El discurso de la verdad. La verdad como forma de vida,
una encarnación de la verdad, los
“cínicos”, antiguos griegos precursores
sin misticismo (sin poner el alma de por medio) del cristianismo. Tan diferente
su significado de lo que recoge hoy día con esa palabra el lenguaje cotidiano.
El cristianismo tomó lo que le fue útil a sus propósitos y despojó al “cinismo”
de su verdadero sentido. Y le dio el que hoy todos conocemos. El diccionario de
la RAE recoge en sus acepciones primeras el origen en los filósofos griegos,
pero luego avanza así:
“Impúdico, procaz, que muestra cinismo,
desvergüenza en el mentir, desaseado, falto de aseo. Cinismo: Práctica de acciones o doctrinas vituperables. Afectación
de desaseo y grosería. Impudencia,
obscenidad descarada”. Tal vez motes provocados por la anécdota de Diógenes
masturbándose en la plaza pública, “si se puede comer en público, por qué no
esto, decía cínicamente…”
Se ha tomado de los cínicos el ascetismo, el vivir para
dar testimonio de la verdad (no la
revelada de los cristianos, claro), pero
se ha dejado en el camino lo que se podría considerar la “basura cínica”, incorporándole al
sustantivo sólo este adjetivo como sello
definitorio. Siempre me llamó la atención que tamaño descrédito en los términos
con que se les evoca fuera también el nombre origen de una escuela filosófica
de la antigua Grecia. La perversión (de dar vuelta) en la manera que adopta
nuestro lenguaje para ensalzar o desacreditar
lo que no coincide con la “voluntad de verdad” del emisor lleva a que ni
siquiera el diccionario sea un recurso veraz
para acceder al significado verdadero de las palabras. Que la historia
escrita sea tendenciosa, lo sabemos. Pero que también los diccionarios lo sean…

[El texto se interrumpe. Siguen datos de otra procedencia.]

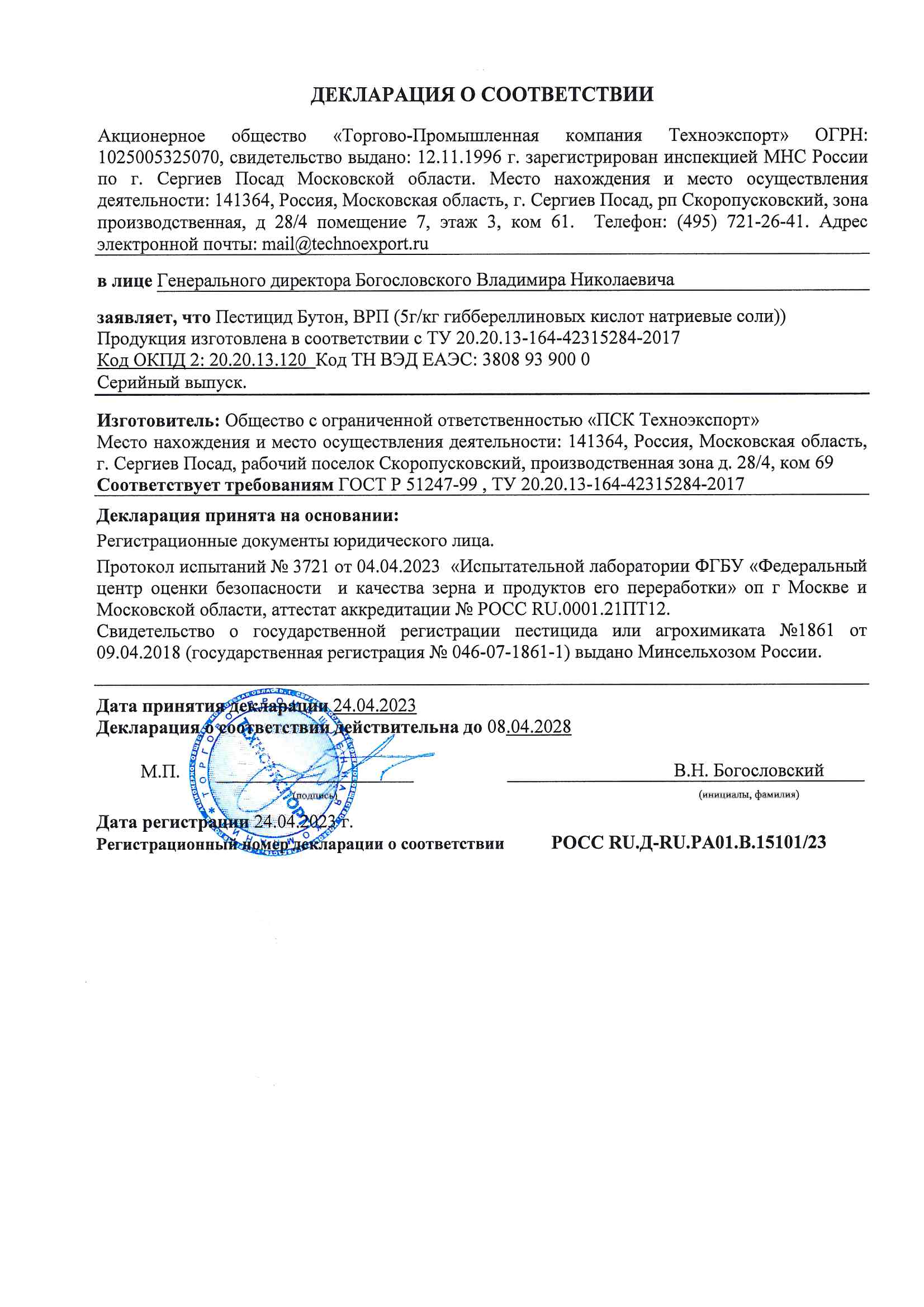 Государственная регистрация-№046-07-1861-1 от 09.04.18 до 08.04.28 выдана МСХ РФ, Сертификация-декларация №РОСС RU Д-RU.РА01.В.15101/23 от 24.04.23 до 08.04.28 выдана Заявитель: АО "ТПК "Техноэкспорт"
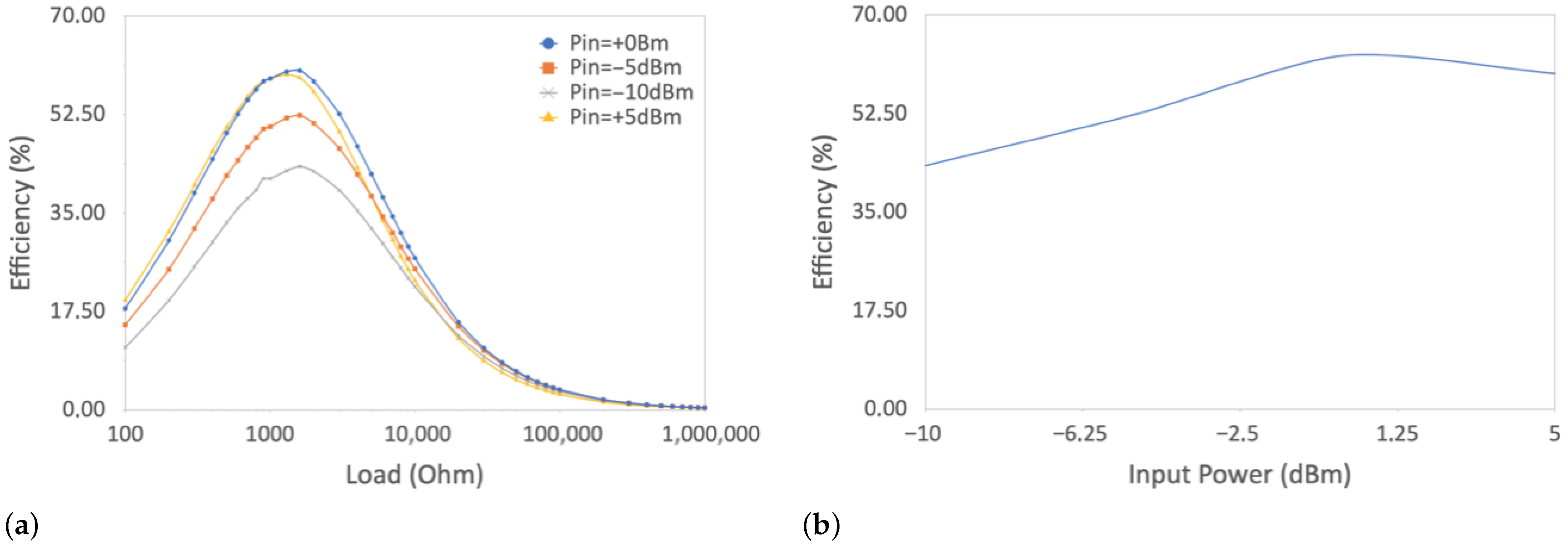 The rectifier efficiency was evaluated under varying load conditions and different input power levels. The experimental results are shown in Figure 8: (a) the efficiency as a function of load resistance, and (b) the maximum efficiency achieved as a function of input power. A peak efficiency of 62.81% was obtained at an input power of 0 dBm and a load resistance of 1600 Ω , which conforms to the operating point chosen for the impedance matching design.
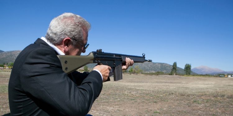 «Στα όπλα» ο υπουργός Εθνικής Άμυνας Δημήτρης Αβραμόπουλος. Επισκεπτόμενος το κέντρο νεοσυλλέκτων στη Τρίπολη ο ΥΕΘΑ , επισκέφθηκε και το πεδίο βολής. Εκεί πήρε στα χέρια του ένα G 3 κι έκανε κι αυτός τη βολή του. Πόσο εύστοχος ήταν δεν ανακοινώθηκε.
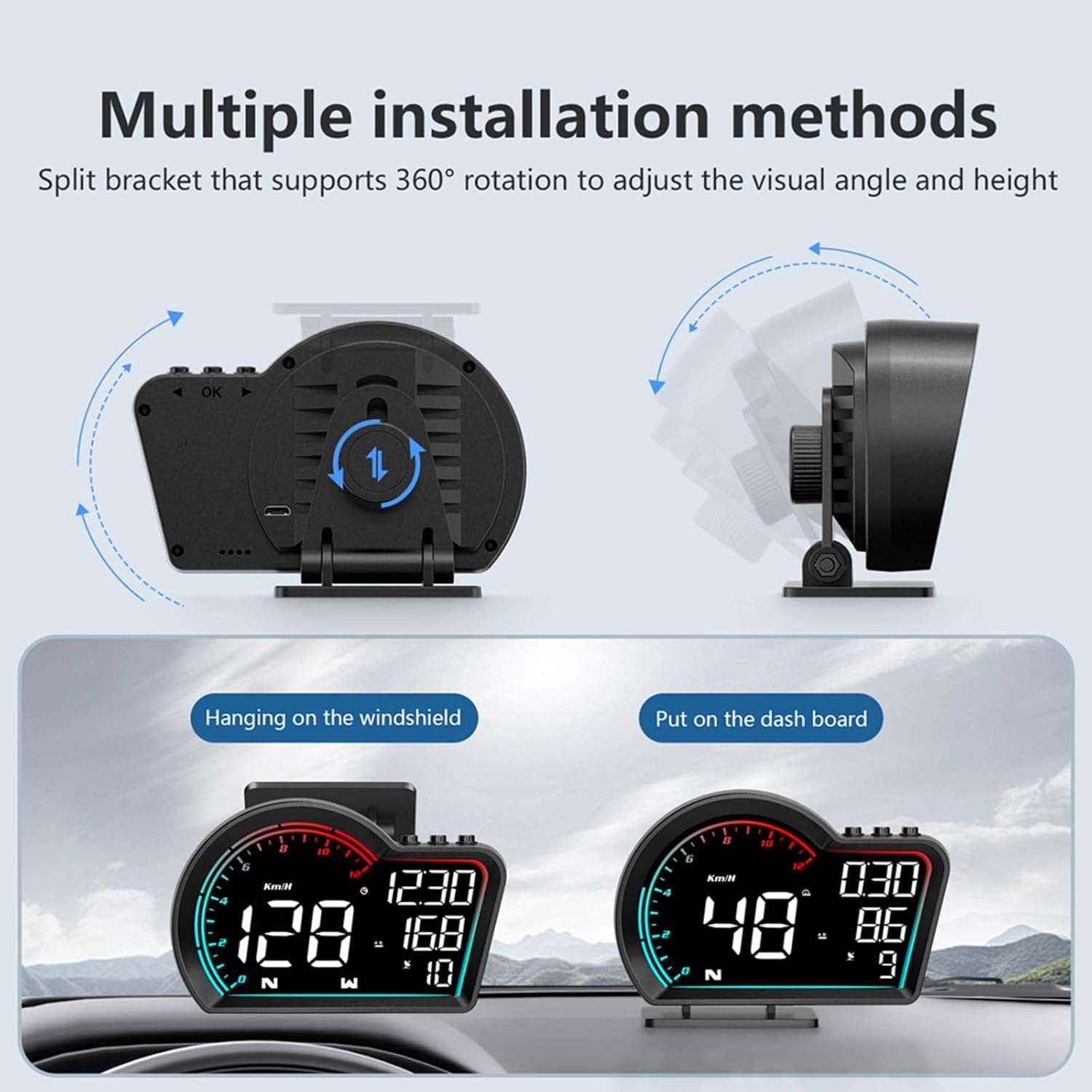 - MULTI-FUNCTIONAL DISPLAY: Equipped with a 5-inch HD LED screen for clearer information display, our HUD offers a range of features including speed KM/H & MPH, clock, compass, travel time, travel distance, number of satellites, acceleration time, altitude, fatigue driving, and speeding alarm. It's packed with technology to bring more safety and fun to your driving.
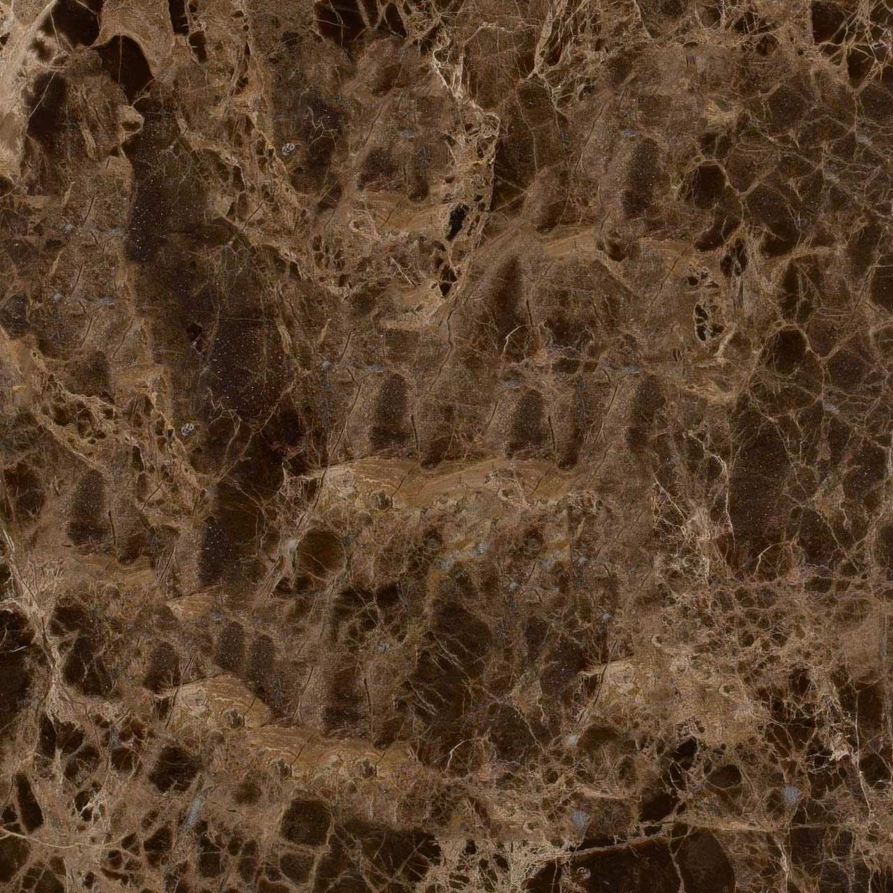 Dark Emperador is a high-density, brecciated brown marble quarried primarily in Spain. It is characterized by its deep hazel/tobacco background interlaced with erratic light-colored calcite veins and occasional “spider-web” clusters.
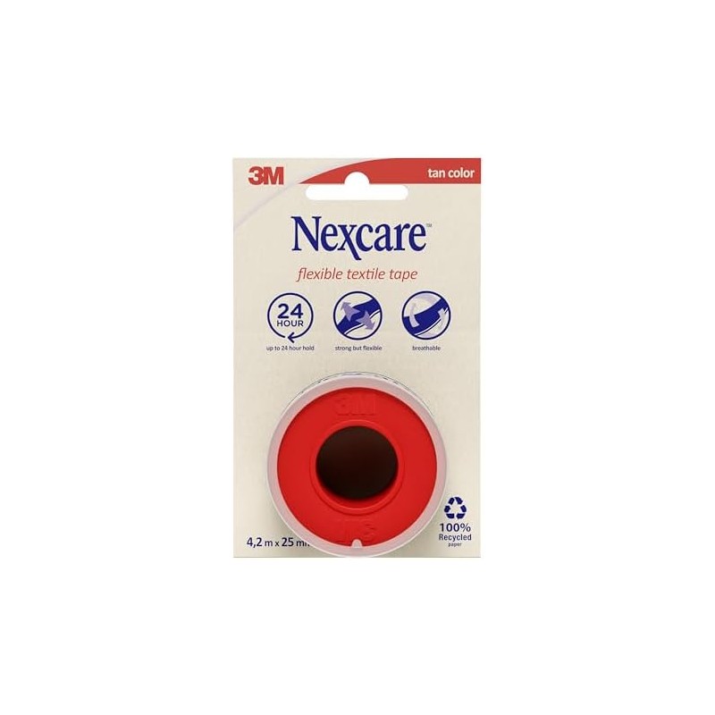 Nexcare Esparadrapo de Tela Flexible (4,2 m x 1,25 cm) es un esparadrapo hipoalergénico, resistente y transpirable, diseñado para fijar gasas, apósitos y vendajes en zonas de movimiento. Se adapta perfectamente a la piel, ofreciendo sujeción segura y comodidad duradera.
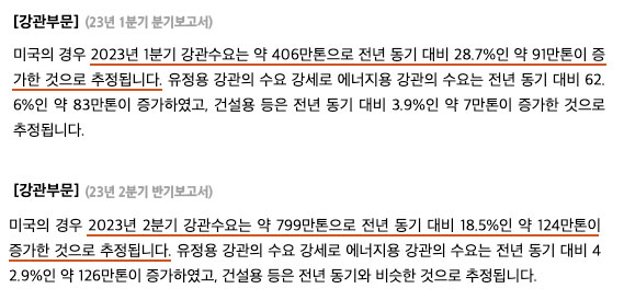 실제로 2023년 3월 분기 보고서와 6월 반기 보고서의 내용을 살펴보면, 2023년 1분기 미국의 강관 수요는 약 406만 톤으로 전년 동기 대비 약 28.7% 증가, 2023년 2분기 강관 수요는 약 799만 톤으로 전년 동기 대비 약 18.5% 증가하였는데요.
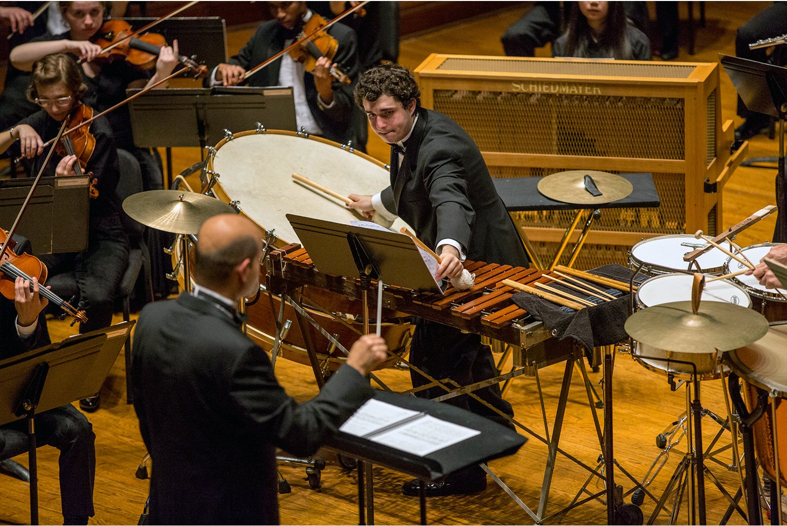 A student percussionist performs with the Oberlin Orchestra on tour at Carnegie Hall.
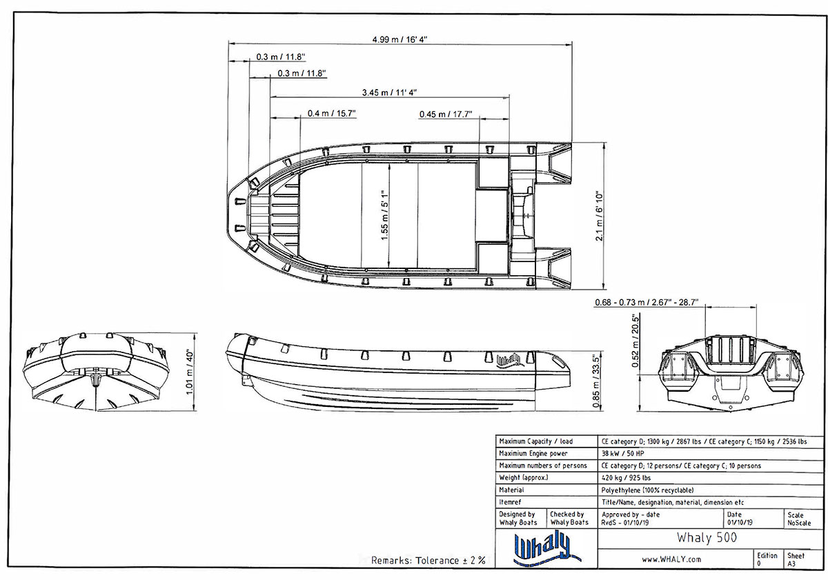 Whaly 500 je višenamjenska otvorena brodica izrađena od visokokvalitetne plastike (polietilena). Ovaj model je jedinstven zbog svog velikog unutrašnjeg prostora i svestranosti! Idealan je za rekreativnu upotrebu, ali također izuzetno pogodan za profesionalne namjene. Bilo da tražite stabilnu radnu brodicu, prateći čamac za školu jedrenja, Whaly brod za spasilačke operacije ili izdržljiv Whaly za poslovanje sa iznajmljivanjem brodova, Whaly dizajn, koji naglašava snagu i stabilnost, nudi brojne opcije.
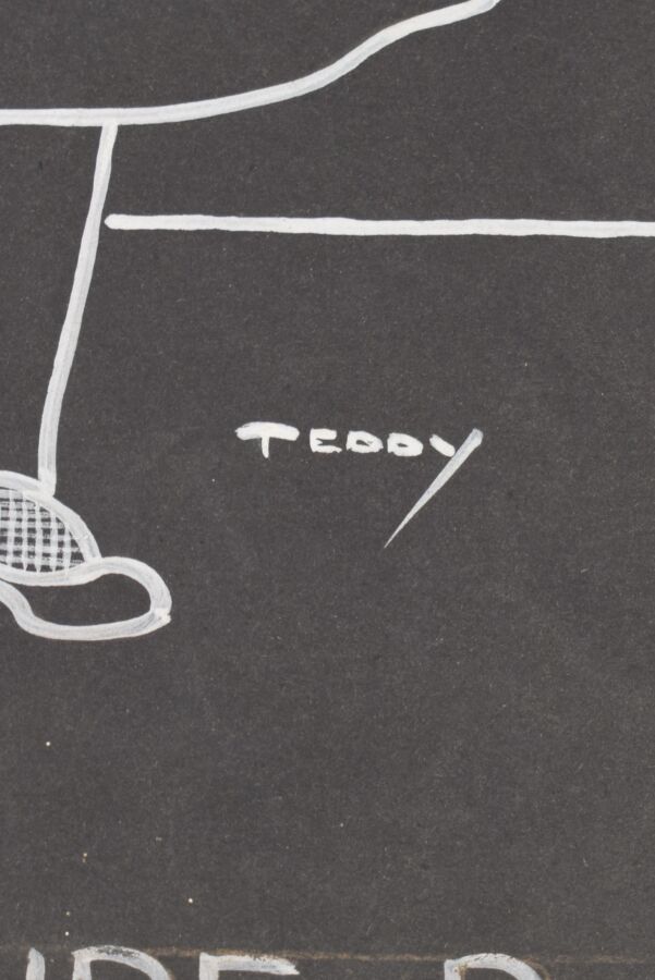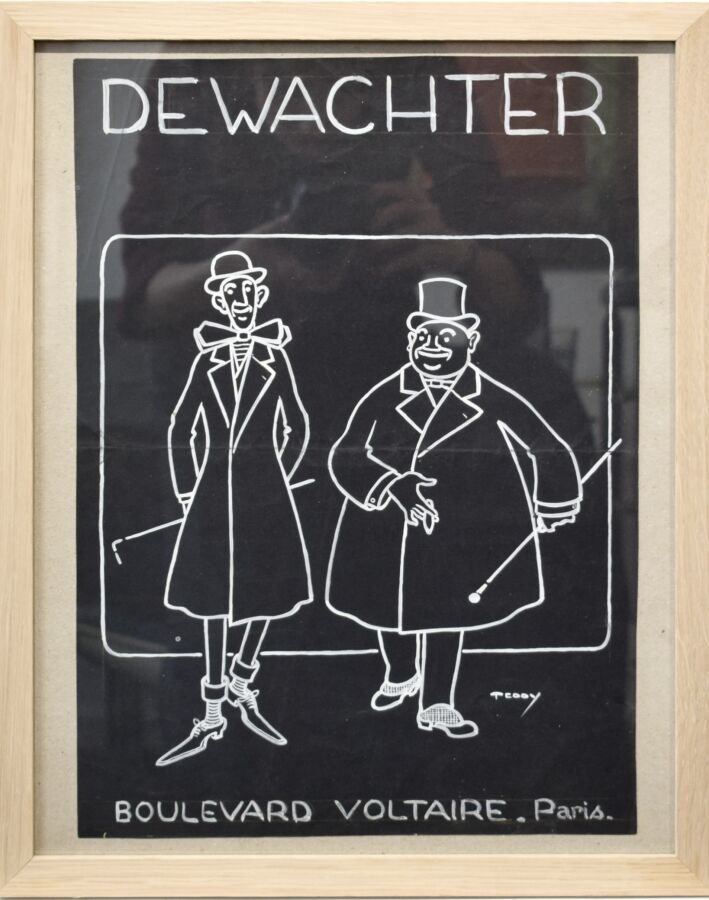 Edouard SAUNIER (1885-1918), "DEWACHTER", gouache blanche sur papier noir, signée en bas à droite, cachet d'atelier au dos, encadrée, 40 x 28.5 cm.
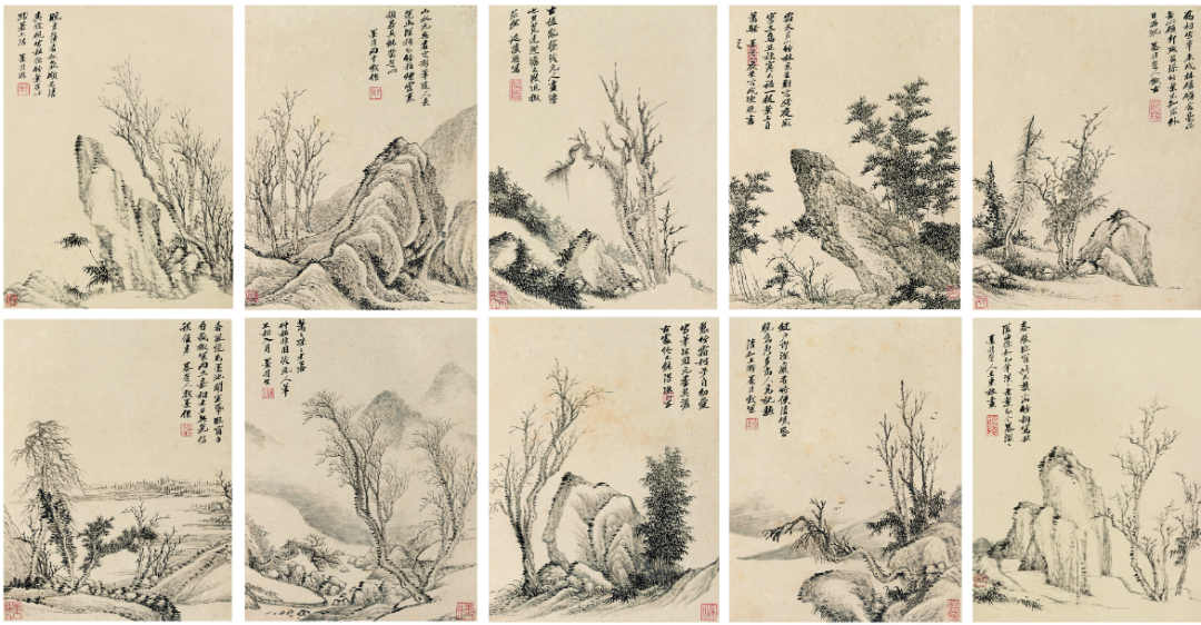 吴历,《古木竹石图册》,30x22.5cmx10,册页,纸本水墨,清代
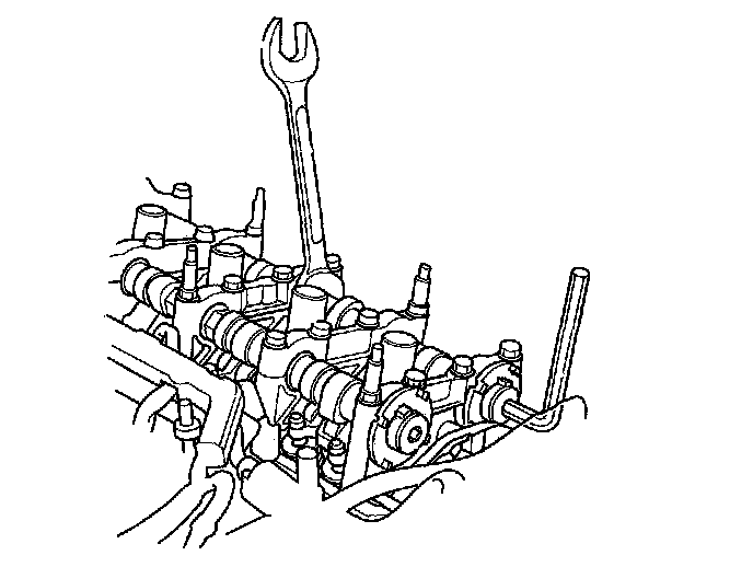 3. Hold the exhaust camshaft with a 27 mm open-end wrench, then loosen the bolt.
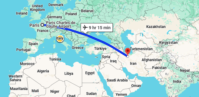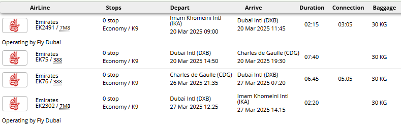 - پرواز (تهران - پاریس - تهران) با توجه به ایرلاین با یک توقف در دبی، کویت، مسقط، دوحه یا استانبول

Bien. Siguiendo a la escuela cínica con la cual me identifico parcialmente (no soy un asceta, pero trato de que las palabras que salen de
mi boca sean afines y concuerden con mi
estilo de vida, mi presencia, mi accionar personal y hacia el mundo), me
reconcilia una vez más con la herencia que nos dejaron los griegos antiguos,
única fuente que encuentro aceptable para avanzar y profundizar en la epiméleia heautóu (inquietud de sí
mismo) de Sócrates y la parrhesía relacionada con la ética de la
vida que él preconizaba como base para
poder aprender y eventualmente enseñar.
La vida cotidiana y de relación con el mundo lo enfrenta
a uno casi sin darse cuenta con pensamientos, actos y hechos que ponen a prueba
ese modo de sentir, pensar, expresarse y
actuar “sin que medie el cálculo de las consecuencias” que dicho modo produce
en la sociedad, en la familia, en definitiva, en los otros. El decir verdad, el
vivir de modo que la propia vida se ofrezca como testigo
o testimonio de ello, requiere
coraje, el coraje de la verdad que ni el propio Sócrates alcanzó a definir en un diálogo memorable con
Nicías y Laques, pero que siglos después motivo de un libro imprescindible de
M. Foucault.
El coraje de la
verdad comienza en uno mismo, avanza en
uno mismo, se desarrolla en uno mismo, y termina en uno mismo, a veces,
desgraciadamente, antes de la muerte. Con maestros o sin maestros. Con ejemplos
o sin ejemplos visibles y comprobables. Como la vida, está en el interior de
uno, es el germen que aguarda desde que
abrimos los ojos al mundo, abrirlo a la luz a través de la epiméleia heautóu, es una decisión personal, un compromiso con la vida misma.